4 Stocks Set to Benefit from Recent Interest Rate Cuts

Bullish point, Bearish point. trend of graph vector design.

The stock market is about to make a major shift, this time driven by the shift in monetary policy set on by the Federal Reserve (the Fed). After the most recent meeting to decide the new path of interest rates for the United States, Jerome Powell (the Fed chairman) cut interest rates by the most aggressive pace in 16 years.

That means a few things for the stock market, but investors must understand that not all industries will be affected equally. The ones that deserve a second – or deeper – look are those that depend on consumer and financial trends, sectors like consumer discretionary and real estate. There’s even a historical tendency for oil prices to do well on lower interest rates. Hence, the energy sector deserves a spot on this list as well.

Within these spaces, names like Nike Inc. (NYSE: NKE), Chesapeake Energy Co. (NASDAQ: CHK), and even SoFi Technologies Inc. (NASDAQ: SOFI) carry enough reasons to potentially become relative winners in the coming quarters, especially as money and investors begin to shift their preferences to match this new business cycle.

Consumer Stocks Like Nike Poised for a Comeback with Rate Cuts on the Horizon

Nike shares have been volatile recently, particularly after the company reported a less-than-spectacular quarter. Leaning on China slowdowns and weakening U.S. consumer sentiment, bears raided Nike stock after the results came out.

However, some on Wall Street saw far ahead enough to pick up this stock at its lows, such as billionaire hedge fund manager Bill Ackman. More than that, analysts at Sanford C. Bernstein see the stock as worth up to $109 a share, calling for up to 32.4% upside from where it trades today.
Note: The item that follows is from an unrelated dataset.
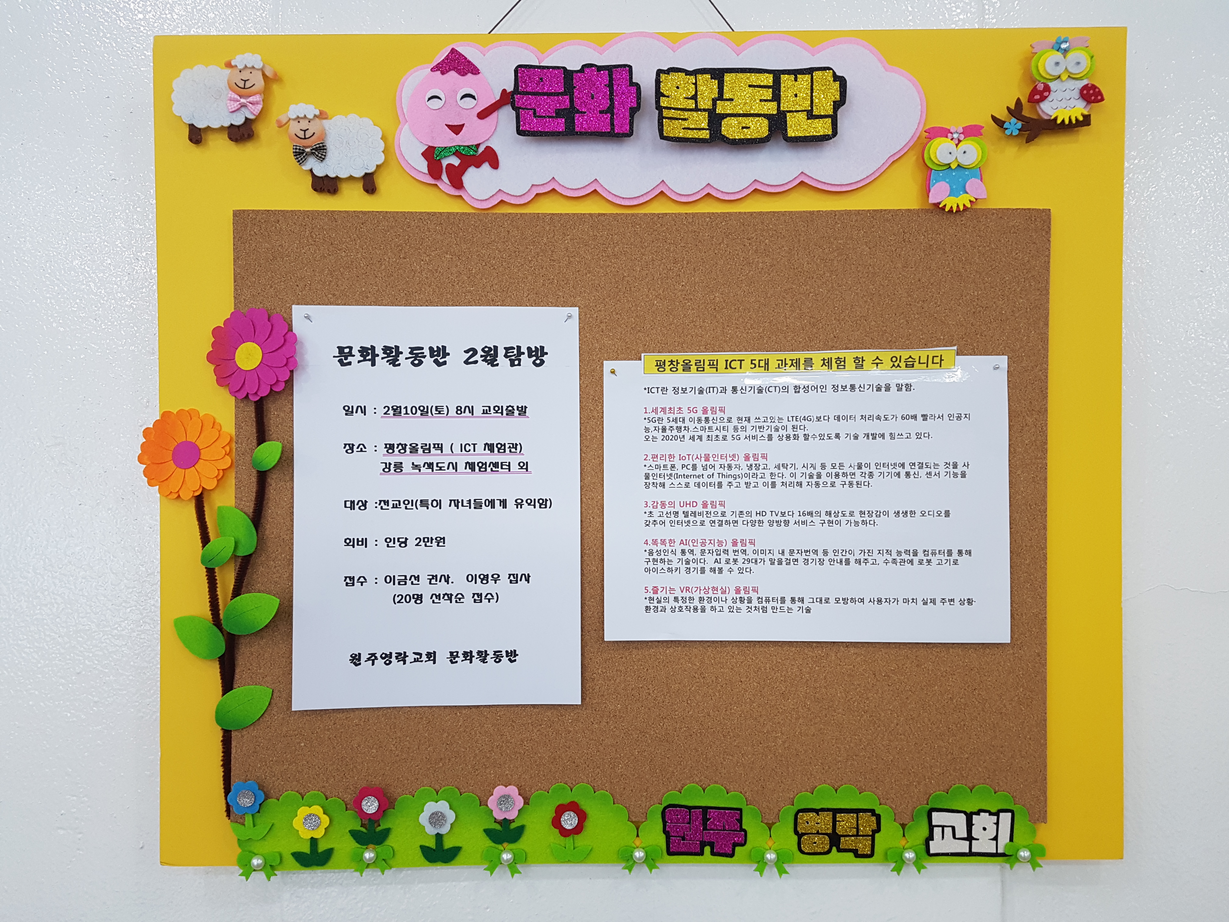 -2¿ù 10ÀÏ(Åä) 8½Ã ±³È¸Ãâ¹ß-Çà»ç ¿¹»ó ÀÏÁ¤ *10½Ã-12½Ã Æòâ¿Ã¸²ÇÈ ÇöóÀÚ ICT üÇè°ü üÇè *12½Ã-12:30 °¸ªÀ̵¿ *12:30 - 13:30 Á¡½É(ÃÊ´ç¼øµÎºÎ) *14:00 - 15:30 ³ì»öµµ½Ã üÇè¼¾ÅÍ *15:30 - 17:30 ±³È¸µµÂø *Æò»ý¿¡ Çѹø º¼ ¼ö ÀÖ´Â ¼¼°èÀÎÀÇ ÃàÁ¦¿¡ ±Û·Î¹úÇÑ ºÐÀ§±âµµ ´À²¸º¸°í, ´ëÇѹα¹ÀÌ ÃÖÃÊ·Î ¼±º¸À̴ ûº¸Åë½Å±â¼úÀ» Á÷Á¢ üÇè ÇØº¸°í, ¹Ì·¡ÀÇ ³ì»ö µµ½Ãµµ °æÇèÇØ º¼ ¼ö ÀÖ´Â Æòâ¿Ã¸²ÇÈ¿¡ ¿µ¶ô±³È¸ ¼ºµµ´ÔµéÀ» ÃÊûÇÕ´Ï´Ù.-- ¼¼ºÎ ³»¿ë ¾Æ·¡ ÷ºÎÆÄÀÏ ÂüÁ¶ -

Reacting to the recent Wall Street bullishness and institutional buying, bears retreated from further selling this stock, as Nike stock’s short interest declined by 14.5% in the past month alone. The stock still trades at only 67% of its 52-week high, leaving enough room for investors to catch a further recovery rally.

Energy Stocks Are Strong, But Chesapeake Stock Stands Out as the Better Pick

Over the past month, shares of Chesapeake have gone on a bit of a tear, rallying by as much as 7.5% as front-run expectations for Fed interest rate cuts started to influence the energy sector positively. One big investor who saw this trend coming is Warren Buffett.

Based on this belief, Buffett bought up to 29% of Occidental Petroleum Co. (NYSE: OXY), but retail investors have an advantage over mega investors like Buffett. They can choose smaller companies, especially those placed higher in the industry’s value chain and paid first.

Chesapeake Energy stock is one example, and Wall Street knows this. Those at Stephens see a potential bull case in which this stock reaches a valuation of $118 a share, daring it to rally by as much as 53.6% from where it trades today. Considering Chesapeake is still only 83% of its 52-week high, investors have a new reason to call for new highs.

That reason is interest rate cuts, which typically help boost business activity and demand, which rely on oil for manufacturing and transport. As oil prices recover based on these trends, Chesapeake stock might be at the center of the bullish price action, given its place in the value chain for exploration and production.

Lower Mortgage Rates Could Propel SoFi Stock to New Heights

Many would-be home buyers are sitting on the sidelines, waiting for more affordable financing rates through more accessible mortgages. Investors should remember that when interest rates come down, so do mortgage rates, enabling new home buyers to enter the market.

This is where SoFi stock comes into play and why Wall Street holds it in such high regard. Now that the stock is down to 80% of its 52-week high, there are a few more tailwinds in place to let investors assume this name could make its way back and even make a new high.

Wall Street analysts forecast up to $0.07 in earnings per share (EPS) in SoFi stock for the next 12 months, up from today’s EPS of $0.01. This is a seven-fold jump in profits, meaning some of the current price targets and valuations might have to be adjusted upward in face of this potential spike.

Those at Dimensional Fund Advisors saw enough reason to boost their holdings in SoFi stock by up to 263.3% as of August 2024, bringing their net investment to $86.5 million today, or 1.2% ownership in the company.

Wall Street’s Latest Top Pick Comes from a Different Market

Stanley Druckenmiller (responsible for George Soros’ returns) decided to sell out of the U.S. technology sector and sought to relocate his winnings into the bond market. Remember how mortgage rates come down during Fed cuts? So do bond yields.

Just like any other fixed-income product, prices are inversely related to yield, so as bond yields come down, their prices will go up. Investors can copy Druckenmiller’s playbook and check out the iShares 20+ Year Bond ETF (NASDAQ: TLT) for potential exposure.

The ETF has recently declined by roughly 3% from its highs. However, momentum is still bullish enough to suggest further upside from this level, especially as the Fed might keep cutting rates for the next 12 months, bringing the price of bonds higher and higher.